Industry body Assocham said that market regulator SEBI should allow mutual funds to float Individual Retirement Account, which would encourage common people to invest in equities for long-term.
The scheme, which is prevalent in the US and European countries, broadly aims at creating wealth over a period of time, which could then be available after retirement, Assocham said.
In a representation submitted to SEBI, assocham said that there is a need to promote long-term inflows into equities by floating IRA schemes so that households make their investments through various mutual funds to cherish benefits of their long-term plans.
Under the scheme, each contributor could invest up to five lakh rupees in a year in a mutual fund that would further invest in equity or in a combination of equity and debt as per investors choice, it said adding that the lock-in period for such investments should be a minimum 10 years and withdrawal only after investors attain the age of 58 or 10 years after investment, whichever is earlier.

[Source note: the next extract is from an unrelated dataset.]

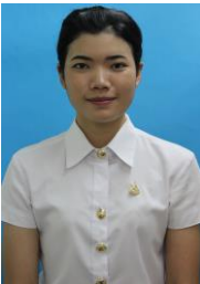
แบบ 1 รวบผมให้เรียบร้อย

นักศึกษาหญิง แต่งกายชุดพิธีการ โดยสวมเสื้อเชิ้ตสีขาวแขนสั้น ไม่มีลวดลาย ปกเสื้อปลายแหลม ( ไม่ต้องติดตุ้มตั้ง หรือเครื่องหมายอื่นใดที่ปกเสื้ออีก และไม่ควรสวมเสื้อแฟชั่น หรือเสื้อตามสมัยนิยม เพื่อใช้ในการถ่ายรูป เพราะผิดระเบียบการแต่งกาย และมีลักษณะที่ไม่ถูกต้อง ) ผ่าอกตรงโดยตลอด ติดกระดุมโลหะชุบทองสัญลักษณ์ของมหาวิทยาลัย ติดเข็มกลัดเสื้อชุบทองเครื่องหมายของมหาวิทยาลัย กัดเห็นเอวระดับอกด้านซ้าย เนื้อผ้าหนาพอสมควร ไว้ผมทรงสุภาพไม่ปรกหน้า ไม่ควรแต่งสีผม หากผมยาว ให้มัดผมหรือรวบผม หรือให้ผมอยู่ด้านหลัง และไม่สวมเครื่องประดับใดๆ ทั้งสิ้น ดังภาพตัวอย่าง

The chamber further said that the amount invested in the scheme should be tax deductible and dividend should also be exempted from taxes when investors withdraw the amount.
“This will promote long-term investments in equity and also ensure a reasonable income after retirement,” it added.
The IRA scheme would thus help individuals to build their retirement benefit schemes and at the same time channelize the savings of the community to the capital market, Assocham said.
The diversion of savings of household sector to the capital market would provide a steady flow of substantial amounts that would also act as a buffer against volatile inflows and outflows of FIIs, it added.